[[ Available records, beginning ]]

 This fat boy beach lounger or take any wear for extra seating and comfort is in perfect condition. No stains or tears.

[[ Available records, end ]]
[[ Available records, beginning ]]

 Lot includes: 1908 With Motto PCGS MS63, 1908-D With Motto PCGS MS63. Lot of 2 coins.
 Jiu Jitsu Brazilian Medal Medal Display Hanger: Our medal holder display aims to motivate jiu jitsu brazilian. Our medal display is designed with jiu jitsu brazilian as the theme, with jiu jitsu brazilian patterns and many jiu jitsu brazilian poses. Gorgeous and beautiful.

[[ Available records, end ]]

Exercise aim:
Your answer should consist of the lines from the line with "Lot includes: 1908" to the line with "Jiu Jitsu Brazilian Medal" above, repeated exactly, both ends included.

Problem solution:
 Lot includes: 1908 With Motto PCGS MS63, 1908-D With Motto PCGS MS63. Lot of 2 coins.
 Jiu Jitsu Brazilian Medal Medal Display Hanger: Our medal holder display aims to motivate jiu jitsu brazilian. Our medal display is designed with jiu jitsu brazilian as the theme, with jiu jitsu brazilian patterns and many jiu jitsu brazilian poses. Gorgeous and beautiful.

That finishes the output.